# GPT-5 Model Access Test Notebook (Azure OpenAI / Foundry)

This notebook provides minimal test coverage for calling an Azure OpenAI (e.g., GPT-5 placeholder) deployment via three mechanisms:

1. Raw HTTPS (Responses API) using `aiohttp`
2. OpenAI Python SDK (configured for Azure endpoint)
3. Azure Foundry / Inference SDK (`azure-ai-inference`)

## Imports & Environment Variables
We will import:
- `os` for environment access
- `dotenv` to load a local `.env` if present
- `azure.identity` `DefaultAzureCredential` for Entra ID auth
- `aiohttp` for raw REST calls
- `openai` SDK for Responses API abstractions
- `azure.ai.inference` client for Foundry SDK access (Responses)
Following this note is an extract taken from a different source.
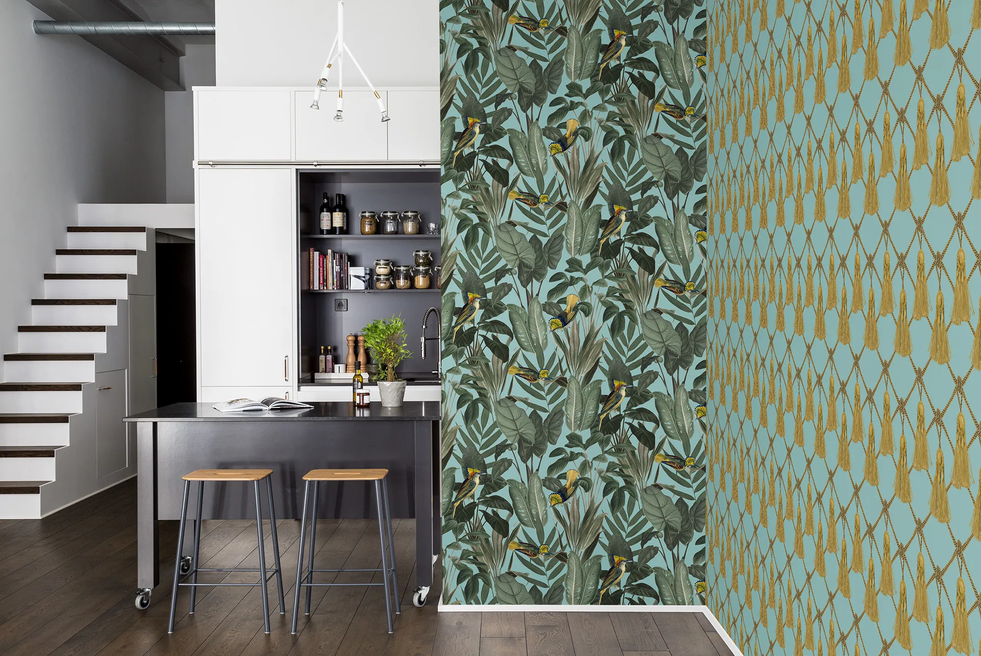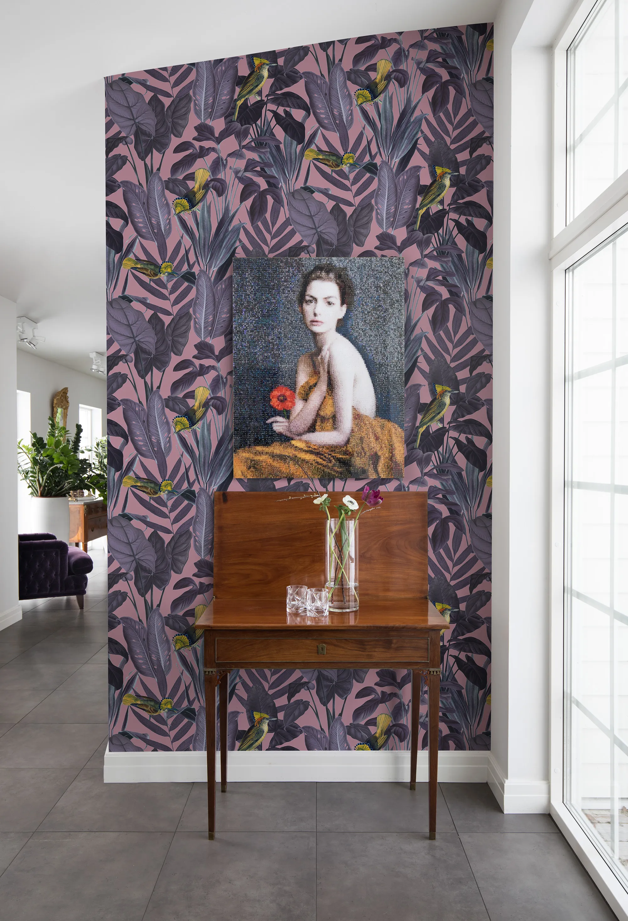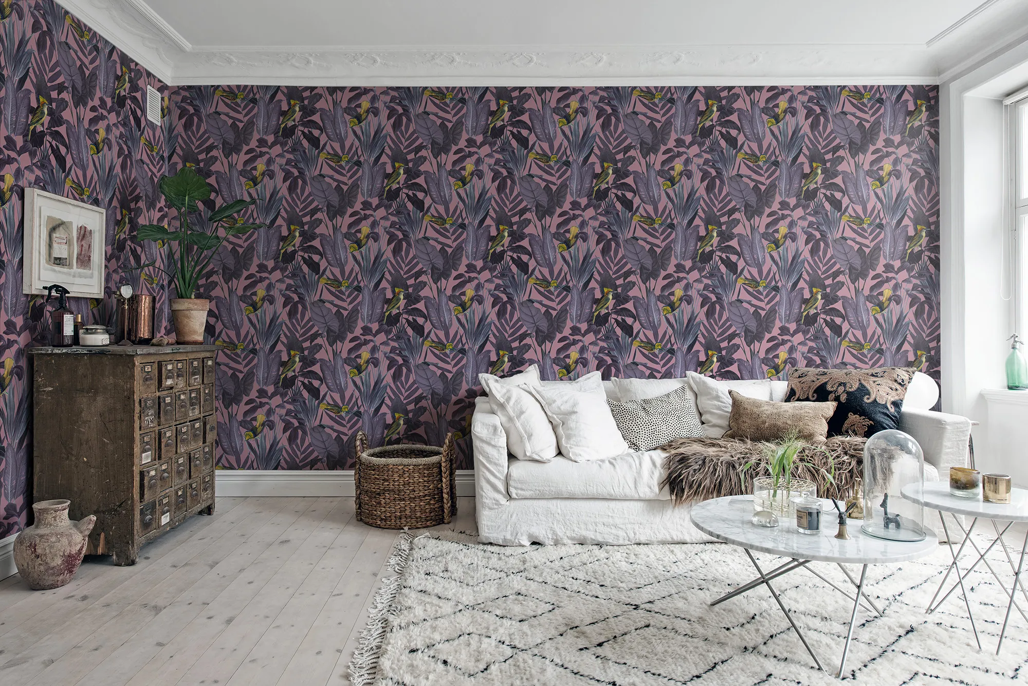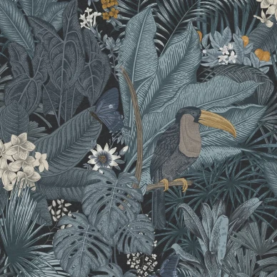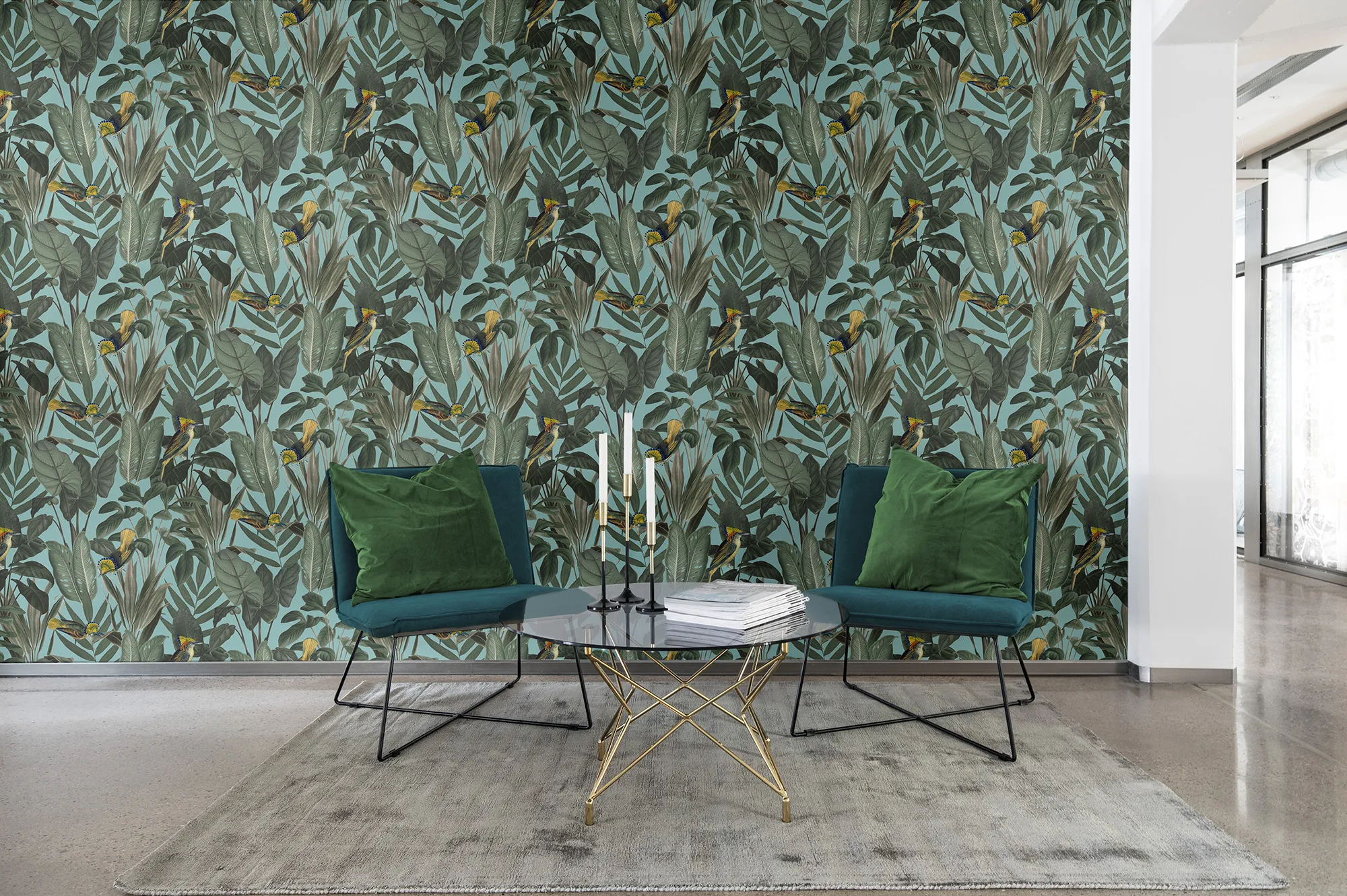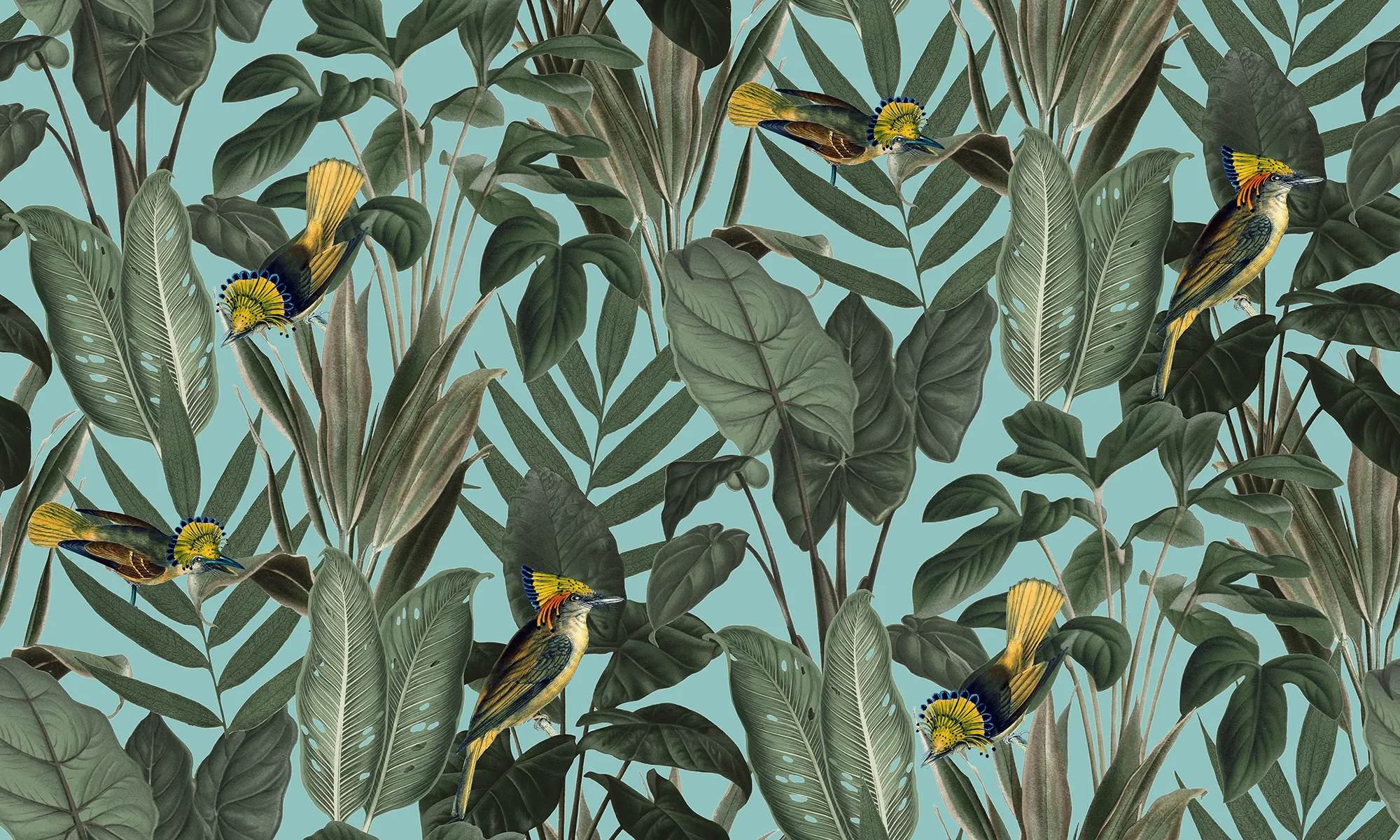 Yellow Bird on eksoottinen muraalitapetti, jossa on kauniita paratiisilintuja tiiviissä viidakkolehvästössä. Elegantti tapetti sopii olohuoneeseen, ruokasaliin tai makuuhuoneeseen.

### Required Environment Variables (must be set before running code cells)
- `AZURE_OPENAI_ENDPOINT` (e.g. https://my-resource.openai.azure.com)
- `AZURE_OPENAI_API_VERSION` (e.g. 2024-06-01 or latest supported)
- `AZURE_OPENAI_MODEL` (deployment or model name)

Authentication: We'll use `DefaultAzureCredential()` which chains multiple auth methods. It must have access to the Azure OpenAI resource. A token for scope `https://cognitiveservices.azure.com/.default` will be requested.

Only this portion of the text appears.